▸ THE PROBLEM: Repeat exactly, and only, the lines below starting at the line that contains "Люстра зі сталі" and ending at the line that contains "2年生の総合的な学習の時間で", inclusive of both.

▸ DATA FOR ANALYSIS:
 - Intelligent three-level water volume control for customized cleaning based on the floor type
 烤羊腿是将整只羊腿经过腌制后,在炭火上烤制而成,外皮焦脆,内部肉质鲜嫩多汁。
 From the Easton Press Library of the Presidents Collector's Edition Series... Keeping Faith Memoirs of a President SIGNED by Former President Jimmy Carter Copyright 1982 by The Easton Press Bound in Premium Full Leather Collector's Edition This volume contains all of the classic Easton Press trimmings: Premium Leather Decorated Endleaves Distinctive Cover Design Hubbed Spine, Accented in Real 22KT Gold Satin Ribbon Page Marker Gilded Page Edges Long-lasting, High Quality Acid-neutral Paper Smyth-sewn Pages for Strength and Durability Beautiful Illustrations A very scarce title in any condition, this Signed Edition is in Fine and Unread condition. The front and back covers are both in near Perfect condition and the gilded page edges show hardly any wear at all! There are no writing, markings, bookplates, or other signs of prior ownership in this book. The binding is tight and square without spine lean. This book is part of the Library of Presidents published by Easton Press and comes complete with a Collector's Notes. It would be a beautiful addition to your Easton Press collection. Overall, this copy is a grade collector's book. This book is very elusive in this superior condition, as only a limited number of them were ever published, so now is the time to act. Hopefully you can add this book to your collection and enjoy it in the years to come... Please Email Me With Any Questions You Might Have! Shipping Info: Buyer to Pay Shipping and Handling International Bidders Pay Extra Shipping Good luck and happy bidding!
* * *
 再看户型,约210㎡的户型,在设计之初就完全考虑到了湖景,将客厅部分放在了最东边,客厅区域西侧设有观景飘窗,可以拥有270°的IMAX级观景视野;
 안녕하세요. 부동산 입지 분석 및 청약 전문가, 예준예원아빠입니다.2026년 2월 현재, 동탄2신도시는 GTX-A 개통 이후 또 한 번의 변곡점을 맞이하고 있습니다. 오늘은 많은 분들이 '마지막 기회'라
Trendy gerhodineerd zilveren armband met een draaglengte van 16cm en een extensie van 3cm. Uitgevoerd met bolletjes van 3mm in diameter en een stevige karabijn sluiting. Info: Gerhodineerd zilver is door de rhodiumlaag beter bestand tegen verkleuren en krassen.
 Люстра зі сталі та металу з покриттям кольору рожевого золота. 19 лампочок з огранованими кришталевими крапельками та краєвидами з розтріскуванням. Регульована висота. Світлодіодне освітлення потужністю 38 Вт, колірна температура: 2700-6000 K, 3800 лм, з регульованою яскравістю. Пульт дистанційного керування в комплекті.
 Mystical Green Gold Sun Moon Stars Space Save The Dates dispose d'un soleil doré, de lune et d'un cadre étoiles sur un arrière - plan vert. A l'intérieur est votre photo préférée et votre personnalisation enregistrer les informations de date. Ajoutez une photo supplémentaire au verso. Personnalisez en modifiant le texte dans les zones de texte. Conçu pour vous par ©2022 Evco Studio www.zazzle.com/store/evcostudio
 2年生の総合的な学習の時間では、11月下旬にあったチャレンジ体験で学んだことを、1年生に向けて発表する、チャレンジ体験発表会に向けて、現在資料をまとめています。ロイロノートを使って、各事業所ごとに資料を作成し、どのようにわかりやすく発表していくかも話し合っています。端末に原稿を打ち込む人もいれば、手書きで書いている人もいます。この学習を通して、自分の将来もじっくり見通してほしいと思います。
--
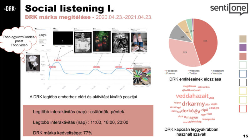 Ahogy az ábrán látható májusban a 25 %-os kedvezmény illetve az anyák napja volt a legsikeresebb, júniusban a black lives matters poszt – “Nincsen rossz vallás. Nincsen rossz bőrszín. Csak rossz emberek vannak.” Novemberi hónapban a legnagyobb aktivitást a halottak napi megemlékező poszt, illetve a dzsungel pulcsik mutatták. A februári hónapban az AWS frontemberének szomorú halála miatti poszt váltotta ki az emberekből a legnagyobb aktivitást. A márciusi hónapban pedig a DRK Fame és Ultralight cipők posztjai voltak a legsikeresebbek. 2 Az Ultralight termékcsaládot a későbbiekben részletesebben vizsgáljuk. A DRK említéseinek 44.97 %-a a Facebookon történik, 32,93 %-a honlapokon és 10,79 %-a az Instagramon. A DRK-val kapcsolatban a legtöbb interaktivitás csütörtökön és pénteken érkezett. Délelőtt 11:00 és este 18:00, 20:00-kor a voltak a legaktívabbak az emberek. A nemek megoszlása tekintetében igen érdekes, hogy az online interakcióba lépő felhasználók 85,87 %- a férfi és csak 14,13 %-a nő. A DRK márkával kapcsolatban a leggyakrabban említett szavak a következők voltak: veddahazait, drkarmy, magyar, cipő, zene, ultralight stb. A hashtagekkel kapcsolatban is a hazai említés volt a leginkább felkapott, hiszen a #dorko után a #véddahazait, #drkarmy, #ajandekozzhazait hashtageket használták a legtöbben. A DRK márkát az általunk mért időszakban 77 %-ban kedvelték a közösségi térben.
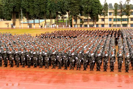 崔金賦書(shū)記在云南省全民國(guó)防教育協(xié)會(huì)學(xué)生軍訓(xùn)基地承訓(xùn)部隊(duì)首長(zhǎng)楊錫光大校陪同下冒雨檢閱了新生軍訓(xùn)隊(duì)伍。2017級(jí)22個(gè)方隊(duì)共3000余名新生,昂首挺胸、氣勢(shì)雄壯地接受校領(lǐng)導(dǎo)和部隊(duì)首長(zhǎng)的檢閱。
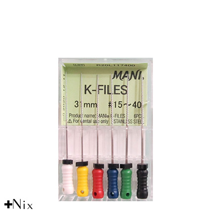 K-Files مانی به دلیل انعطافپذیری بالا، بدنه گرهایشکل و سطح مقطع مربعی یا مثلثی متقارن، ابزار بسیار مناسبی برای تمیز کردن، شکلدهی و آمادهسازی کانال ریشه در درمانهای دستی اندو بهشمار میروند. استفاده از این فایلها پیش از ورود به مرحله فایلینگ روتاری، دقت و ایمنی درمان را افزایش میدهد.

▸ COMPLETED EXERCISE:
 Люстра зі сталі та металу з покриттям кольору рожевого золота. 19 лампочок з огранованими кришталевими крапельками та краєвидами з розтріскуванням. Регульована висота. Світлодіодне освітлення потужністю 38 Вт, колірна температура: 2700-6000 K, 3800 лм, з регульованою яскравістю. Пульт дистанційного керування в комплекті.
 Mystical Green Gold Sun Moon Stars Space Save The Dates dispose d'un soleil doré, de lune et d'un cadre étoiles sur un arrière - plan vert. A l'intérieur est votre photo préférée et votre personnalisation enregistrer les informations de date. Ajoutez une photo supplémentaire au verso. Personnalisez en modifiant le texte dans les zones de texte. Conçu pour vous par ©2022 Evco Studio www.zazzle.com/store/evcostudio
 2年生の総合的な学習の時間では、11月下旬にあったチャレンジ体験で学んだことを、1年生に向けて発表する、チャレンジ体験発表会に向けて、現在資料をまとめています。ロイロノートを使って、各事業所ごとに資料を作成し、どのようにわかりやすく発表していくかも話し合っています。端末に原稿を打ち込む人もいれば、手書きで書いている人もいます。この学習を通して、自分の将来もじっくり見通してほしいと思います。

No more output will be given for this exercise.